【杂题乱写】2023-11-17

Graffiti board Warnings.

Tasks below are finished yesterday in Yuhui Che's room(When he was watching ugly girls.). I'll write the solution in this blog because the coding work was accomplished just now.

ARC163D

How to count SCCs? We are familiar to the way of divide \(\{1\dots n\}\) into two subsets and force edges between the two sets to be one-directed.

Thus we use \(f_{i,j,k}\) to represent the number of ways to divide points label 1~(i+j) into two sets with size \(i\) and \(j\) and k edges are directed from a small labeled one to a big labeled one(we'll call these good edges later).
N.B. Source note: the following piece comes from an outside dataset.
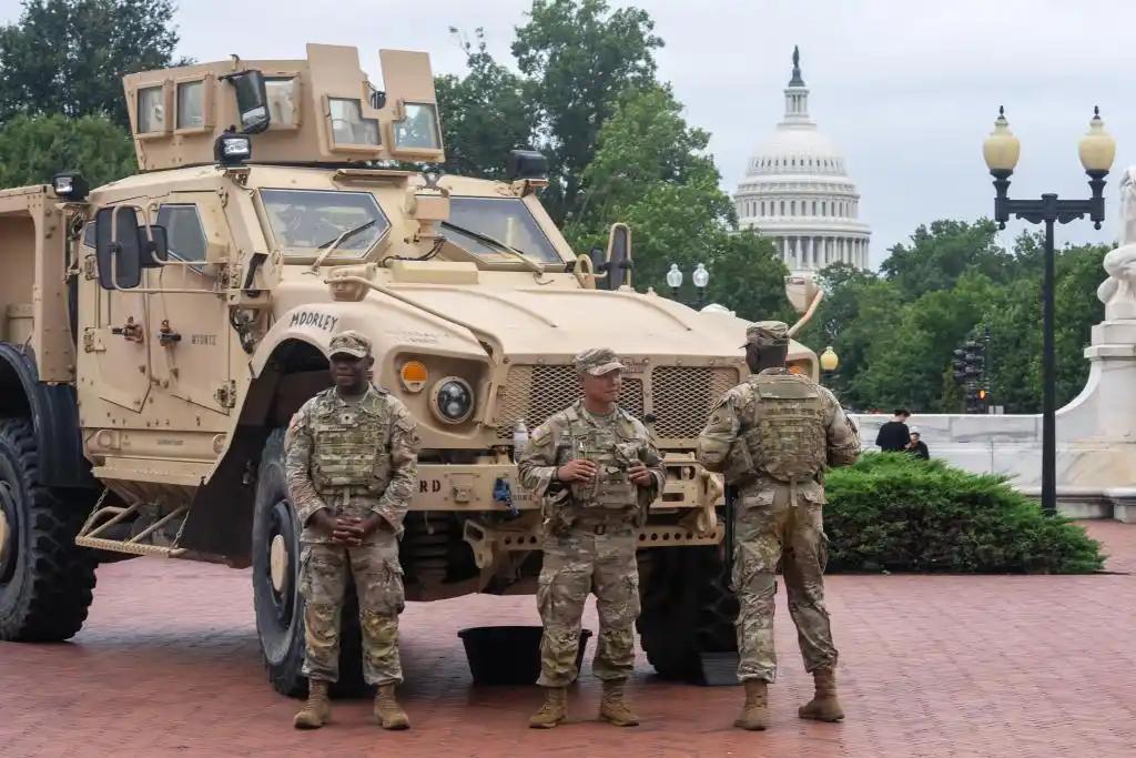 8 月 11 日,美国总统特朗普表示,他正在部署国民警卫队,以协助首都华盛顿特区恢复法律秩序和公共安全。图为华盛顿联合车站外的国民警卫队成员和车辆。

To fullfill this DP chart,we add i+j+1 to either set 1 or set 2.Enumerate the good edges in their own sets(0_i/0j as we don't really care about their inner structure.).If you insert i+j+1 into set 2,then i more good edge(s) arise.

Time complexity will be O(Poly(n)) and we don't really care about the exponent since \(n\le 30\).

CF1313D

Notice that every child can get at most 8 candies. So we can do bitmask DP while scanning line. Label those operations which currently cover this segment in a dynamic way(use a bin to record the unvisited 1~8)

You don't need to deal with all the events happened at some \(i\) together cause the length of such segment is \(0\)

CF461E

No Binary Search.But binary lifting!

If letters in \(\{A,B,C,D\}\) do not appear in the given string \(t\),they can't appear in the target string \(s\).

To minimize the operation number,one could just find the longest prefix of \(s\) appeared in \(t\) and delete it in \(s\). Repeat such process until \(s\) is empty.

To stop such extension process, DFS on a trie is all you need. Set \(dp_{s,f}\) be the least length of a string begining with character \(s\),ending with character \(f\) that does not appear in \(t\). We want the character \(f\) force the substring extension process to stop.

By using binary lifting with something similar to matrix mutiplication，we can easily obtain \(\rm DP_{i,s,f}\) which means the least length of a row of \(2^i\) strings. Greedily append the strings to get the operation number.

It's obvious that by choosing proper characters,we can force the length of the longest prefix mentioned above is always smaller than \(\log_4{|t|}+1\). So do not let the substrings of \(t\) with a length longer than the upperbound appears in your trie.

Encounter and Farewell

link

How do you confirm that there is a Spanning tree in the graph? For me that is you can reach any vertex in the graph from any starting point. Or you can say it's a connected graph.

Vertex \(y\) can be reached be \(x\) if and only if we can obtain \(y\) from \(x\) by xoring \(x\) with some numbers not appearing in \(\{A\}\). If we want \(x\) to reach all the numbers from \(0\) to \(2^n-1\),then the complementary set of \(\{A\}\) must be full rank. Check this with Linear basis.

To construct a answer,we just connect \(i\oplus v_j\) and get a spanning tree. Here \(v_j\) is the original number of j th(st/nd/rd) position in the linear basis.